[Supplied material Boundary: Start]
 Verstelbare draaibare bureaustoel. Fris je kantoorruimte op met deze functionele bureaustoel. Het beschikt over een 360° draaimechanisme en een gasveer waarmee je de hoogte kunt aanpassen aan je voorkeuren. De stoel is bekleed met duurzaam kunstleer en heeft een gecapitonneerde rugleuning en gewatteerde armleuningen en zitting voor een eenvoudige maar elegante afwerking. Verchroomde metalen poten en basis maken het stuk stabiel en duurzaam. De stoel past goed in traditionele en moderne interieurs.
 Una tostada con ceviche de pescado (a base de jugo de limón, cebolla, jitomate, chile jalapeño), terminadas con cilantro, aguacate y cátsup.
[Supplied material Boundary: End]
[Supplied material Boundary: Start]
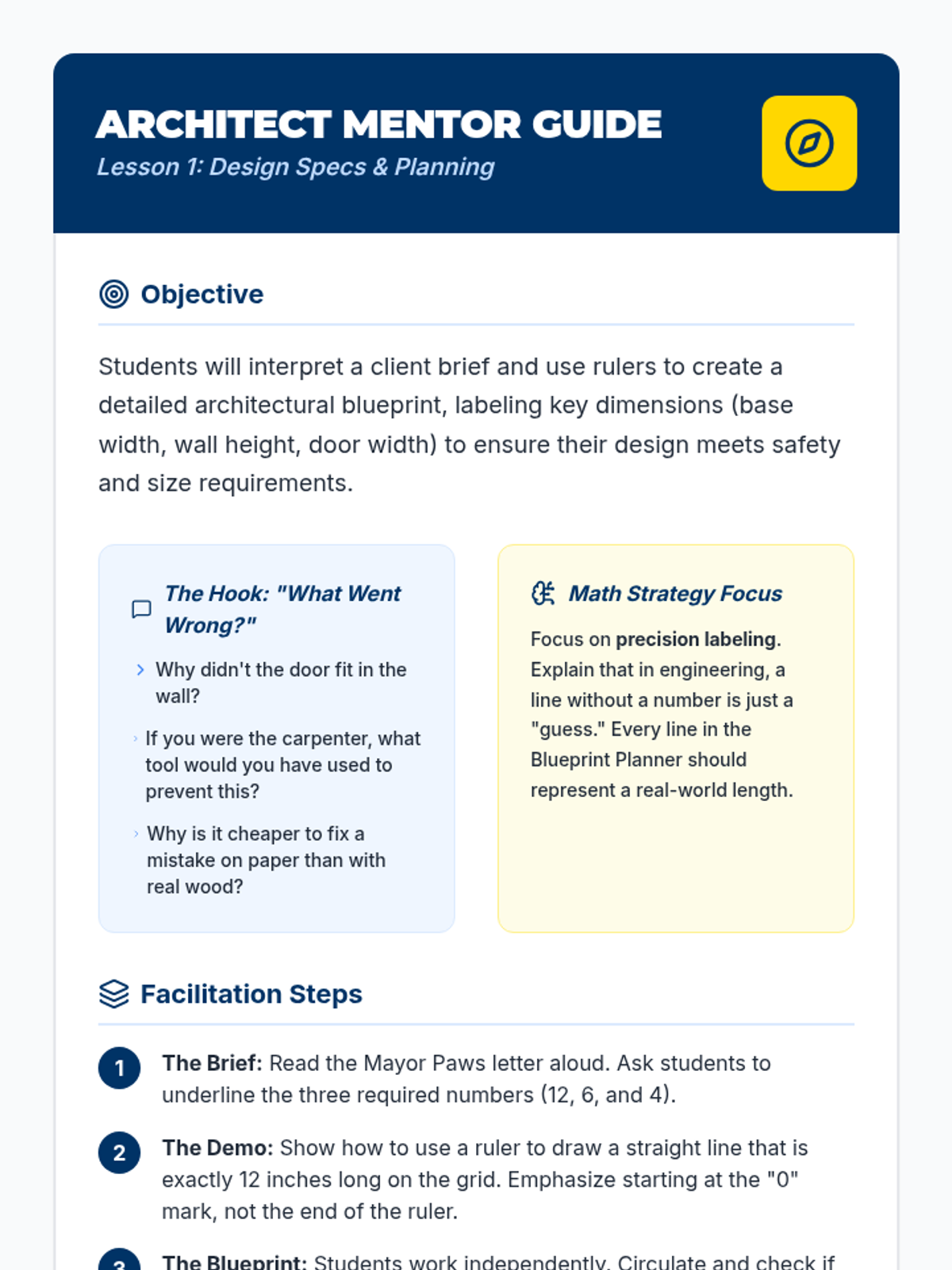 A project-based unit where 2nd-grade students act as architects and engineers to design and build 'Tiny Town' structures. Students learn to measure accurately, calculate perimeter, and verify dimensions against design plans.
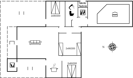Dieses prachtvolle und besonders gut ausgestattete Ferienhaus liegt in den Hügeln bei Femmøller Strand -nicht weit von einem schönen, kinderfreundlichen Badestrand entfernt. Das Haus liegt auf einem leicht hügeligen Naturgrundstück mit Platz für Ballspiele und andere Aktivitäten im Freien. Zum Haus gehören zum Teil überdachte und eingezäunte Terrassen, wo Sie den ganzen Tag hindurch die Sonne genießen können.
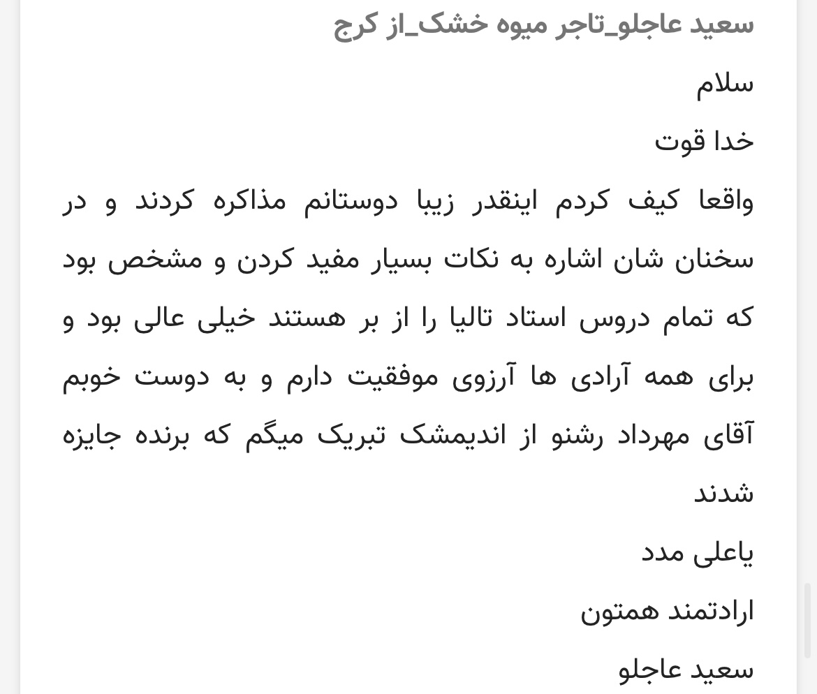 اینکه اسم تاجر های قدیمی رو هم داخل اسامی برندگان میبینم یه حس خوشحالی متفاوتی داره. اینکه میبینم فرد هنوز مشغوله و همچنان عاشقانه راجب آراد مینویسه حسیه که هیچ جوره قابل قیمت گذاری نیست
[Supplied material Boundary: End]
[Supplied material Boundary: Start]
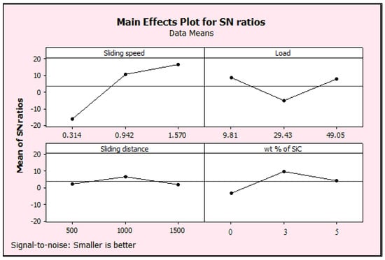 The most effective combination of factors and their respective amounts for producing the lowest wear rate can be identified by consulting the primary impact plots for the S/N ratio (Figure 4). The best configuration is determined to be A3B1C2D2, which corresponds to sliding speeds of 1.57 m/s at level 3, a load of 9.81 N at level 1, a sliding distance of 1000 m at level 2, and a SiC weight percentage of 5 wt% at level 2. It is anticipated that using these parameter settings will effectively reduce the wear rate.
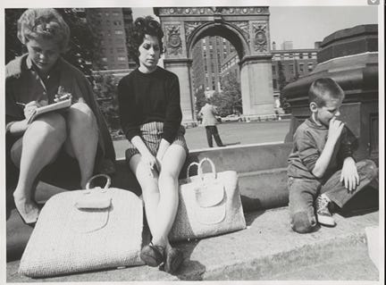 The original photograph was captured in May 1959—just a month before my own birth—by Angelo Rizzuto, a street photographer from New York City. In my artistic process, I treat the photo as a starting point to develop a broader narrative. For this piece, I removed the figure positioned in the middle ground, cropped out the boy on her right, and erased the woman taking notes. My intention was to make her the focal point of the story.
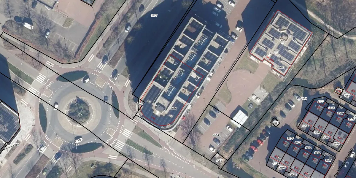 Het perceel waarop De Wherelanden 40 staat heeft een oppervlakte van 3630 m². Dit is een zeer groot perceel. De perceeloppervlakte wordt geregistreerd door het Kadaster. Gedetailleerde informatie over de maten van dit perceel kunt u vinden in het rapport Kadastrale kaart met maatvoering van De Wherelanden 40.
[Supplied material Boundary: End]
§ How to complete this task
All that is wanted is the lines above between the one containing "A project-based unit" and the one containing "اینکه اسم تاجر", inclusive, restated word for word, with pictures omitted.

§ Solution for this task
 A project-based unit where 2nd-grade students act as architects and engineers to design and build 'Tiny Town' structures. Students learn to measure accurately, calculate perimeter, and verify dimensions against design plans.
Dieses prachtvolle und besonders gut ausgestattete Ferienhaus liegt in den Hügeln bei Femmøller Strand -nicht weit von einem schönen, kinderfreundlichen Badestrand entfernt. Das Haus liegt auf einem leicht hügeligen Naturgrundstück mit Platz für Ballspiele und andere Aktivitäten im Freien. Zum Haus gehören zum Teil überdachte und eingezäunte Terrassen, wo Sie den ganzen Tag hindurch die Sonne genießen können.
 اینکه اسم تاجر های قدیمی رو هم داخل اسامی برندگان میبینم یه حس خوشحالی متفاوتی داره. اینکه میبینم فرد هنوز مشغوله و همچنان عاشقانه راجب آراد مینویسه حسیه که هیچ جوره قابل قیمت گذاری نیست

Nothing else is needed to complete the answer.